A sulfuric acid solution is passed through a column containing molecular sieves, and the resulting solution is titrated with NaOH to determine the amount of acid consumed. It is not particularly useful in this case for the student to attempt to precipitate any aqueous cations with 8-hyroxyquinoline because, as Table I indicates, it is likely that no precipitate will form. (This is most likely due to the fact that 8-hydroxyquinoline does not form an insoluble compound with Na⁺ and other alkali metal cations.) Due to the difficulty in obtaining pure samples of naturally-occuring zeolites, synthetic zeolites (molecular sieves) provide a good laboratory substitute because they have essentially the same composition and structure as the naturally occuring ones. Molecular sieves (sodium aluminosilicates) closely resemble natrolite, a natural zeolite with the formula Na₁₆(Al₁₆Si₂₄O₈₀)•16H₂O. The instructor should briefly discuss the open-holed structure within the zeolite framework and why zeolites can accommodate H+ ions as well as larger ions and molecules within their structures. Table I shows typical student results for the effectiveness of molecular sieves at consuming hydrogen ions.

Part Five. The absorption of aqueous aluminum by molecular sieves.

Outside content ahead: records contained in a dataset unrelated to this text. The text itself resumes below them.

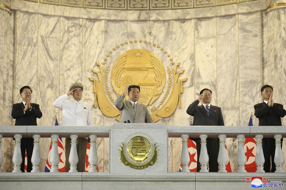 Ông Kim quan sát lễ duyệt binh kỷ niệm 73 năm thành lập đất nước.
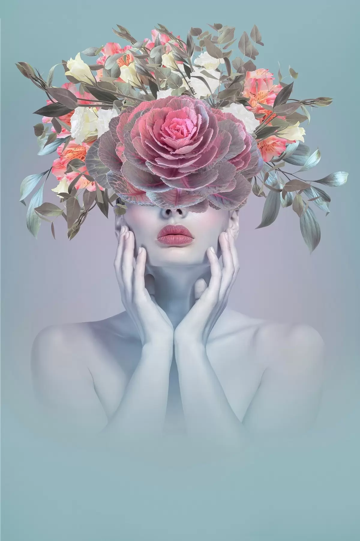 Plakatas Moteris su gėlėmis ant galvos Ne f37479
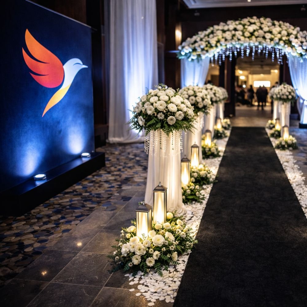 For religious events such as pirith ceremonies, temple functions, church weddings, and cultural programs, walkway decoration helps maintain order and respect. Simple designs using white fabric, lamps, and floral elements are often preferred to match traditional values.
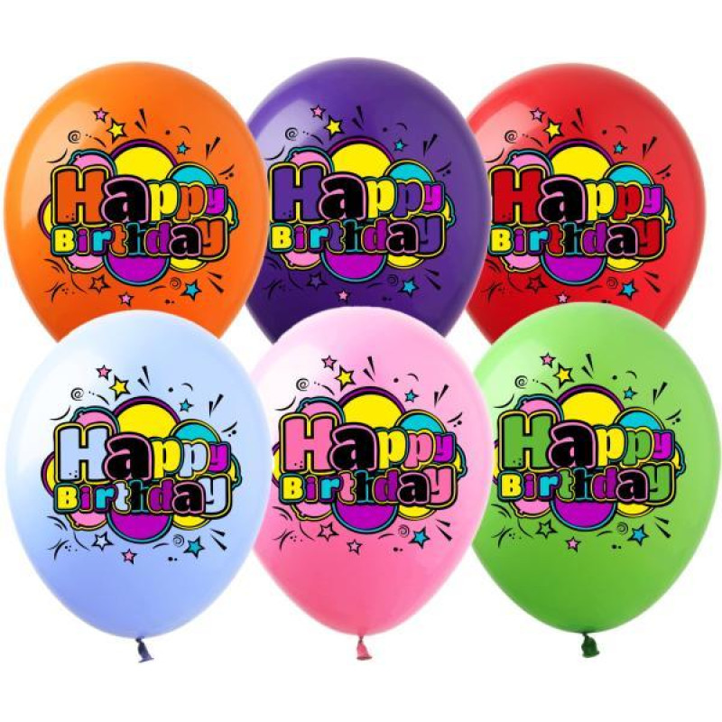 Кульки 12" "Happy Birthday Фарби" ЦІНА ЗА УП. 50ШТ, пак. 20*15см, арт: SDR-130b
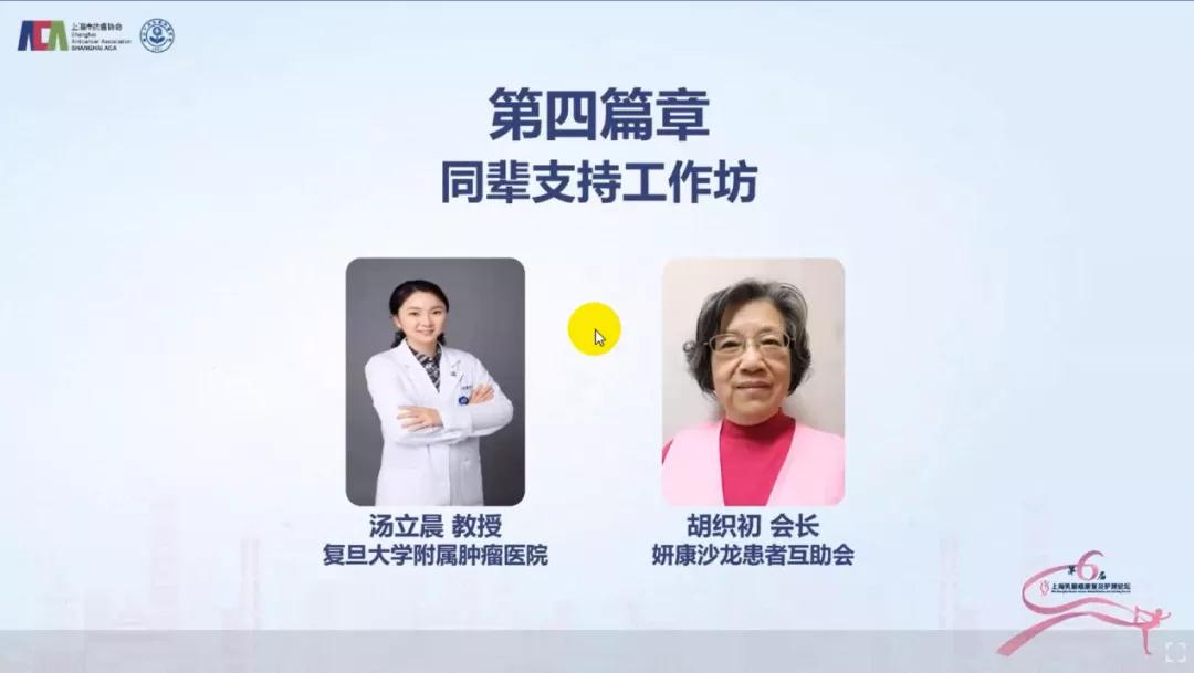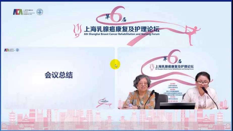 会议最后,汤立晨教授做了最终总结。她指出,“乘风破浪,精准康复”篇章,我们了解了护理工作者在患者的治疗中扮演着重要的角色;“身心疗愈,伴随全程”篇章我们了解到患者伴随疾病管理的重要性及相关处理方法;“年轻患者管理工作坊”、“同辈支持工作坊”篇章,我们听到了很多具有实战意义的案例讲座。在此,再次感谢参与本次线上会议的所有嘉宾、同道和患者姐妹的大力支持!

In this final portion of the project, the student passes an aluminum sulfate solution through a column containing molecular sieves. The main objective is to simulate the consumption of aqueous aluminum (once it has been mobilized by H⁺ from Al(OH)₃) by zeolites. The amount of aqueous aluminum in the solution after its passage through the column is determined by precipitating the remaining Al³⁺ as aluminum oxinate. Typical student results indicate that the molecular sieves are between 60-70% effective in consuming aqueous Al³⁺. For example, one set of results for this procedure indicates that the Al³⁺(aq) concentration decreased from 2.2x10^-3 M to 6.4x10^-4 M after interacting with the sieves in the column. In other words, the molecular sieves consumed 1.5x10^-4 moles of Al³⁺ ions.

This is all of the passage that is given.